■ **What is needed**
For this task, output exactly the lines of the material below starting at the line with "TOGA ARCHIVE这款" and ending at the line with "Уникальный дизайн аромадиффузора"; pictures are to be excluded.

■ **Extracted information**
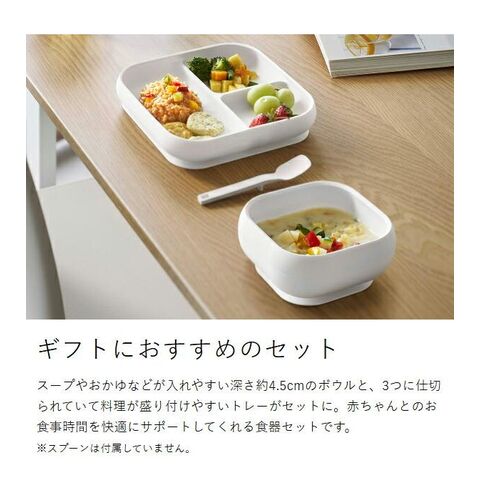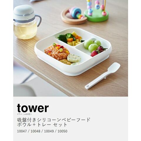 [ 吸盤付きシリコーンベビーフードボウル + 吸盤付きシリコーンベビーフードトレー タワー ]山崎実業 tower ベビー食器セット すくいやすい シリコン 吸盤付き ベビー食器 出産祝い おしゃれ yamazaki 公式 モノトーン
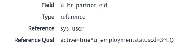 My requirement is to update every month the "HR Partner EID" of the users in a custom table.. I need to reference it in the sys_user table field named "HR People Advisor Name".
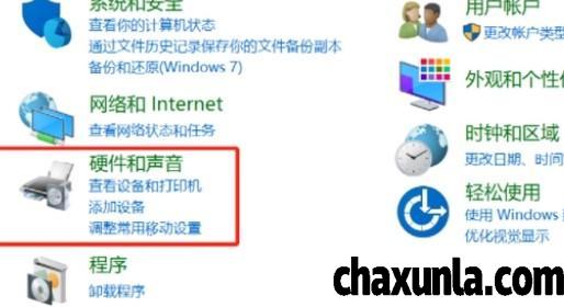 在控制面板当中点击硬件与声音进入下一个页面,点击管理音频设备。
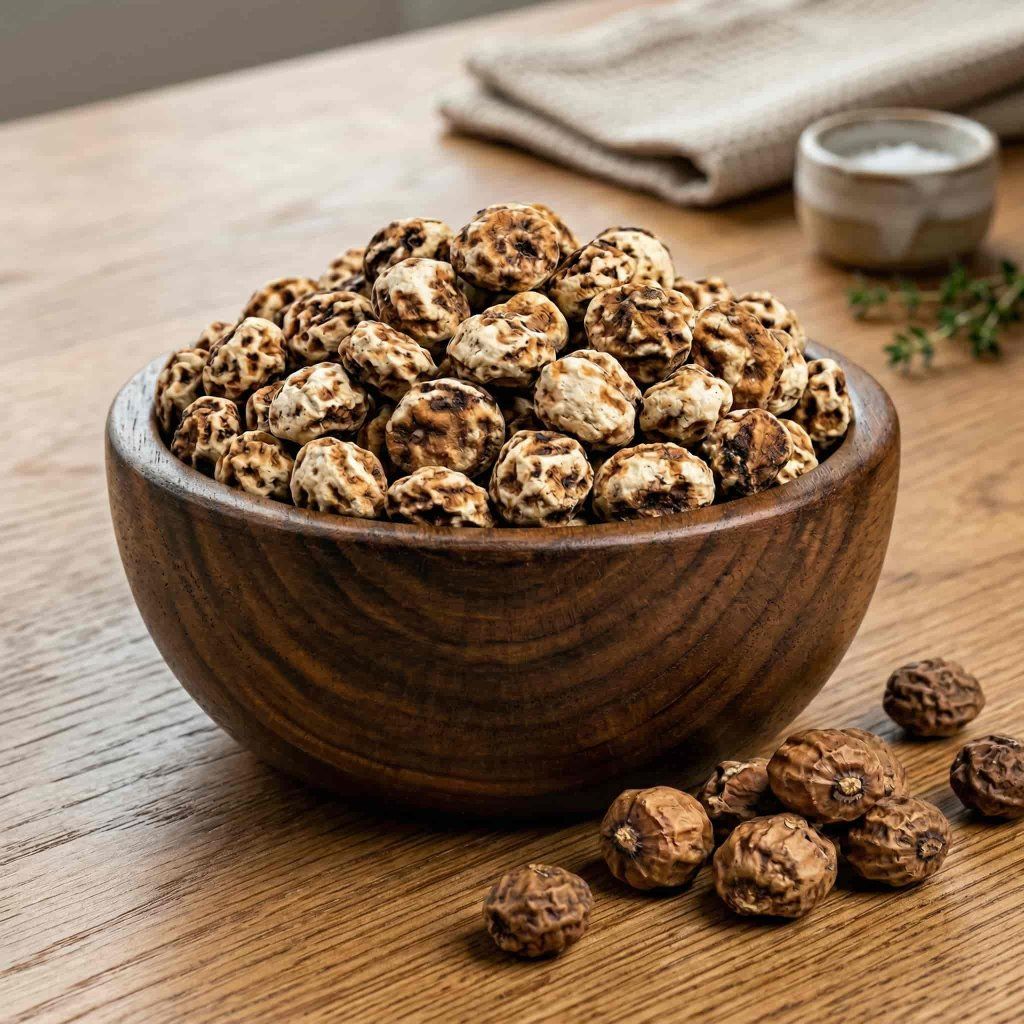 * Zajímavosti: tygří ořechy byly jednou z prvních plodin pěstovaných lidmi, archeologické nálezy ukazují, že je konzumovali už starověcí Egypťané před více než 4 000 lety. Dokonce se našly i v hrobkách faraonů jako cenná potravina na „posmrtnou cestu“.
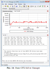 Чтобы открыть его, в окне Workbench следует выбрать «Solution» в структурной схеме модуля Fluid Flow (CFX) (Рис. 3). В появившемся диалоговом окне можно настроить некоторые параметры решения задачи и запустить CFX-Solver Manger.
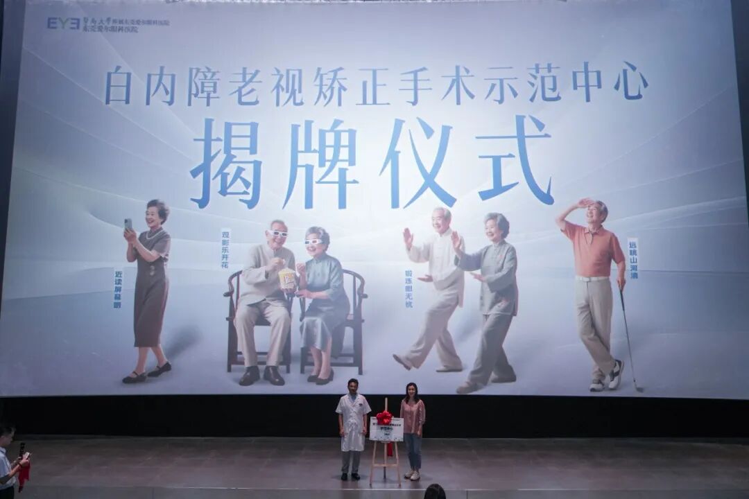 科普活动现场,爱尔康广东私立省区经理王蓉女士与东莞爱尔眼科医院罗平主任共同为“白内障老视矫正手术示范中心”荣誉牌匾揭牌,将为东莞及周边地区中老年群体提供更优质的白内障、老花、近视、散光和远视等一站式矫正诊疗方案。
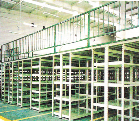 阁楼式货架是用货架做楼面支撑,可设计成多层楼层(通常2-3层)。设置有楼梯、扶栏和升降机等。适用于库房较高,货物轻小,人工存取,储物量大的情况。楼面支撑货架品种规格齐全,阁楼楼面有平板、花纹板、钢格板、木板种类。
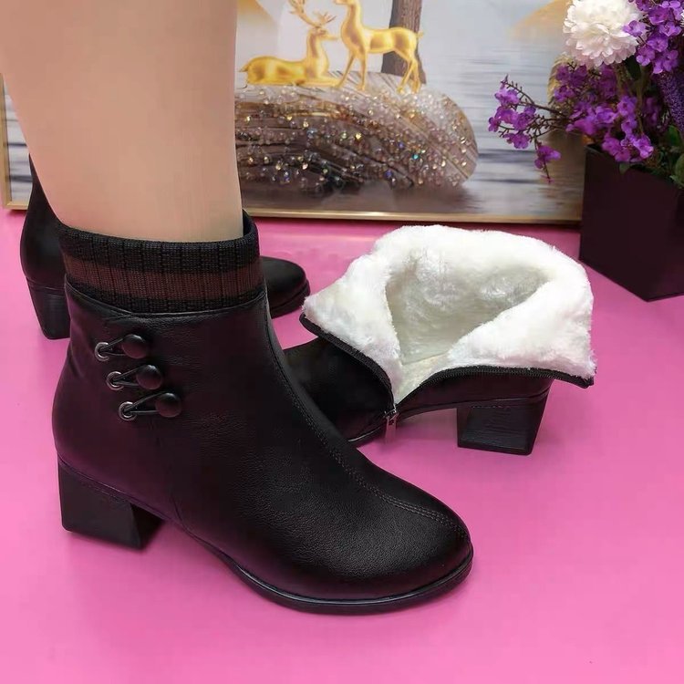 滑り止めと耐摩耗性のファッショナブルな外国貿易レディースブーツ 2025 冬の新しいスタイルの本物のソフトレザースロープソールプラスベルベットのマザーズシューズ
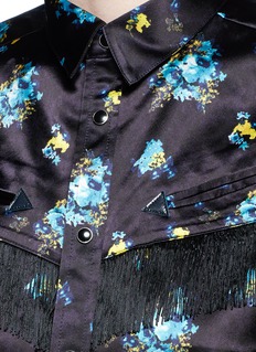 TOGA ARCHIVE这款衬衫以较为挺括的廓形发掘女士们帅气中性的一面,丝质感深蓝色面料配以浸染风格的蓝黄主调抽象印花,散发高贵又前卫的气息。正反面饰以黑色流苏,增添细节变化,更显别致摩登。您可搭配品牌同款长裤,打造随性酷感形象。
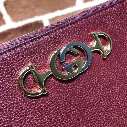Gucci Zumi Grainy Leather Pouch Clutch Bag 570728 Burgundy 2019
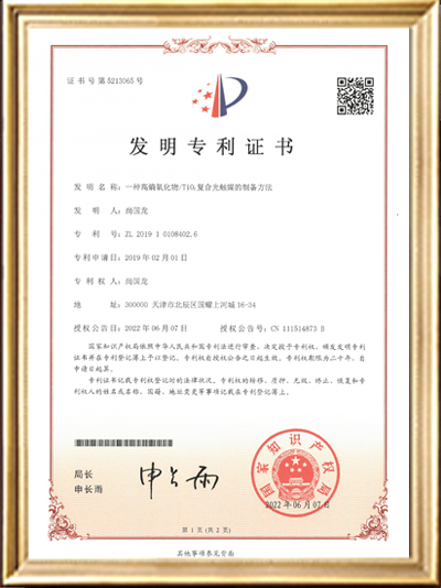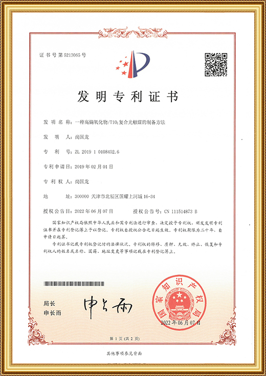 • 發(fā)明專利證書證書(一種高稿氧化物/Ti02復合光觸
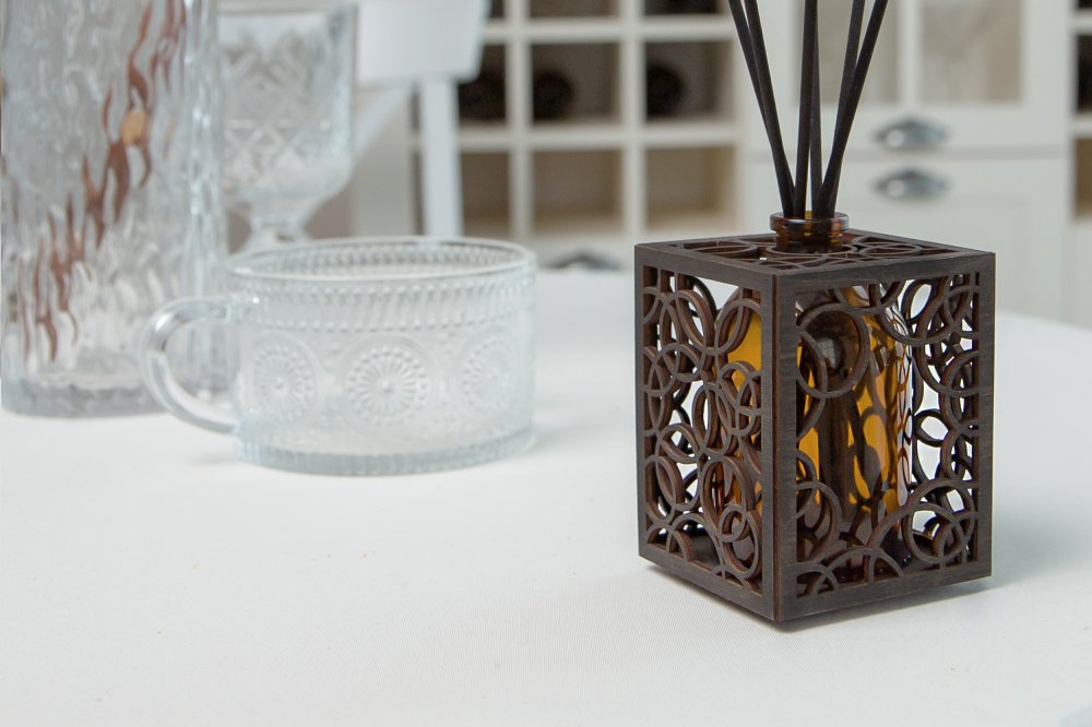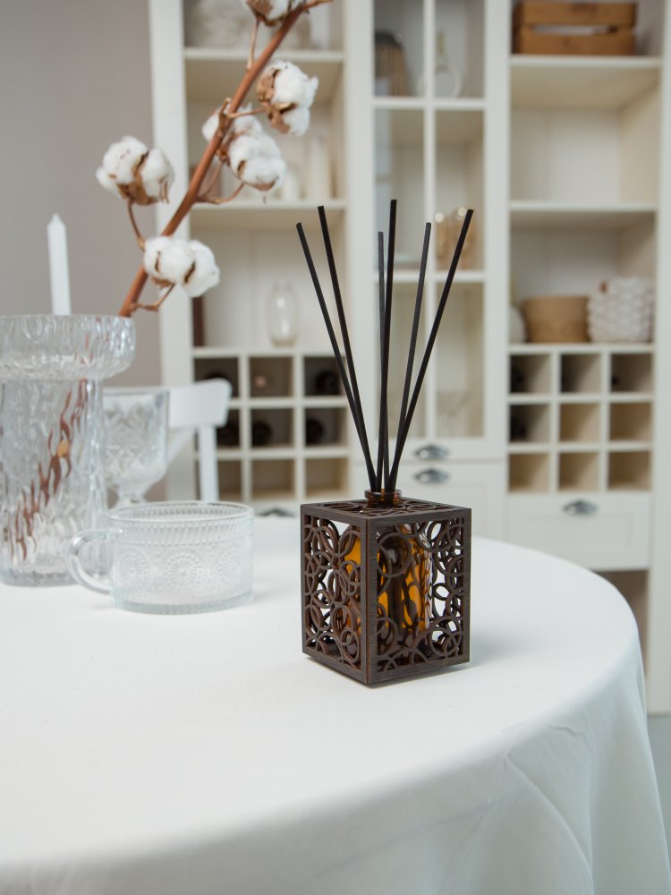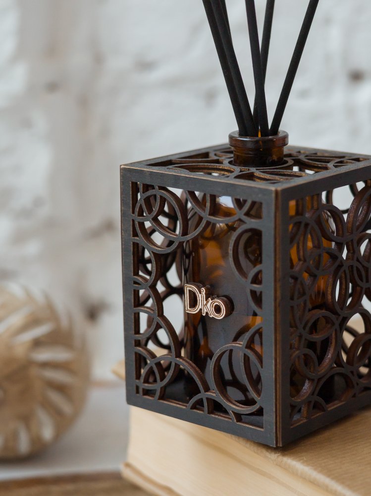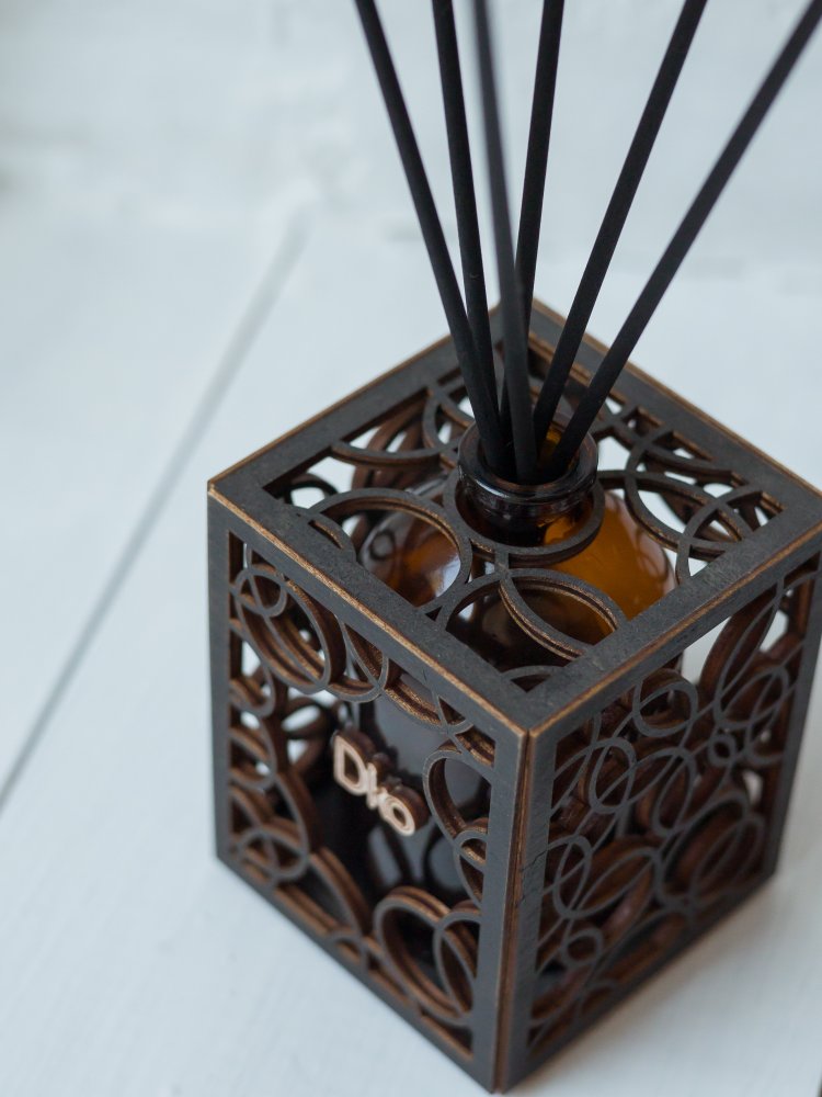 Уникальный дизайн аромадиффузора станет отличным дополнением и украшением для любого интерьера. Арома диффузор изготовлен только из высококачественных натуральных материалов . Емкость для парфюма 100 мл выполнена из стекла, а декоративное оформление из дерева лиственных парод. Все комплектующие собраны вручную.(Жидкость и фибровые палочки в комплект не входят.)
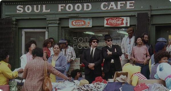 神からの啓示を受けたJAKE & ELWOODの二人が、ギタリストのマット・マーフィーを引き抜きに訪れる「マーフィーのソウル フード カフェ」(アレサ・フランクリンのシンクのシーン)のデザイン!
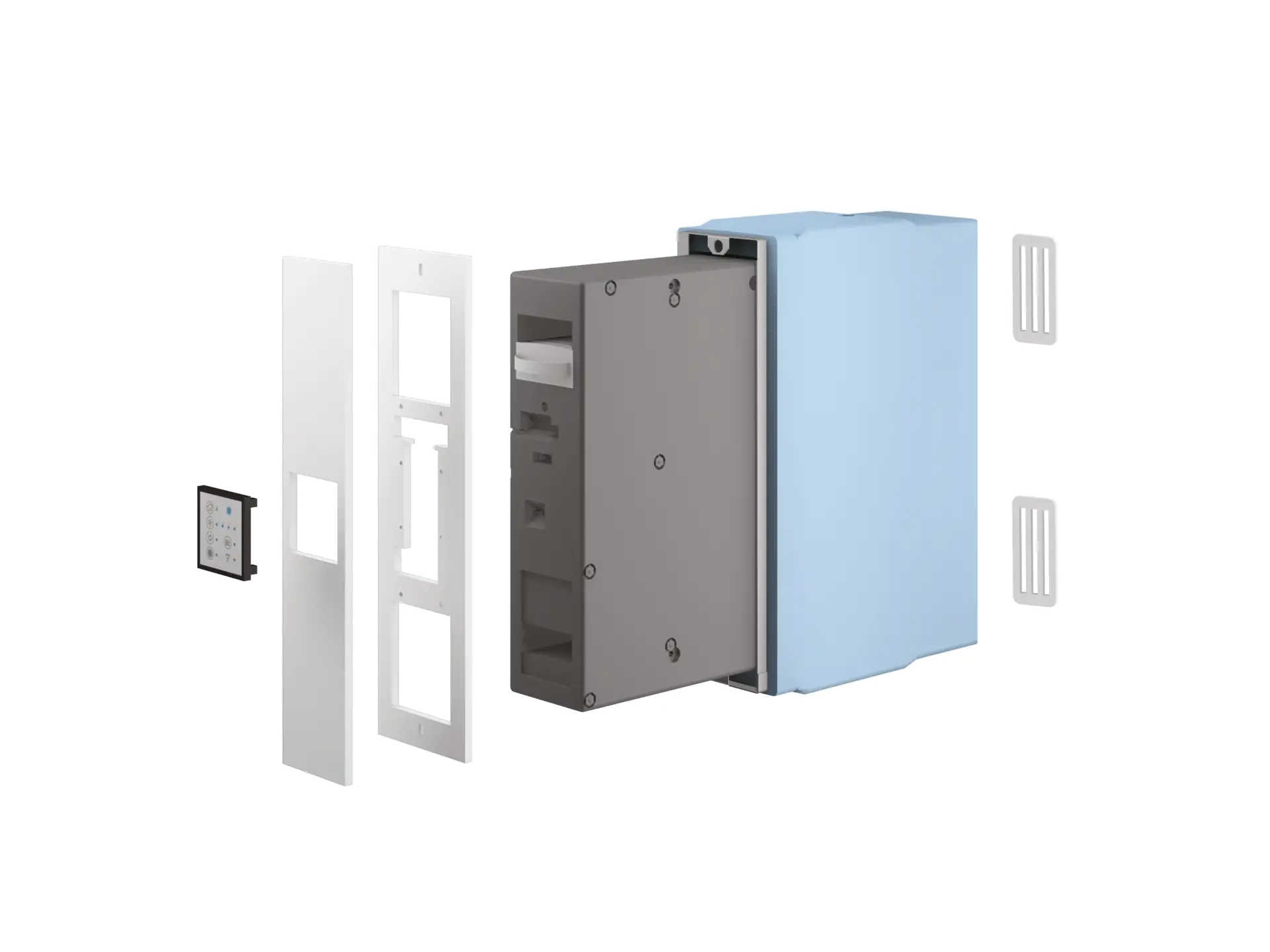La caja de preparación de EPS, diseñada con gran atención a las prestaciones térmicas y acústicas de la envolvente, permite alojar un VMI puntual de doble flujo en cualquier punto de un muro perimetral del edificio.

■ **Response**
 TOGA ARCHIVE这款衬衫以较为挺括的廓形发掘女士们帅气中性的一面,丝质感深蓝色面料配以浸染风格的蓝黄主调抽象印花,散发高贵又前卫的气息。正反面饰以黑色流苏,增添细节变化,更显别致摩登。您可搭配品牌同款长裤,打造随性酷感形象。
Gucci Zumi Grainy Leather Pouch Clutch Bag 570728 Burgundy 2019
 • 發(fā)明專利證書證書(一種高稿氧化物/Ti02復合光觸
 Уникальный дизайн аромадиффузора станет отличным дополнением и украшением для любого интерьера. Арома диффузор изготовлен только из высококачественных натуральных материалов . Емкость для парфюма 100 мл выполнена из стекла, а декоративное оформление из дерева лиственных парод. Все комплектующие собраны вручную.(Жидкость и фибровые палочки в комплект не входят.)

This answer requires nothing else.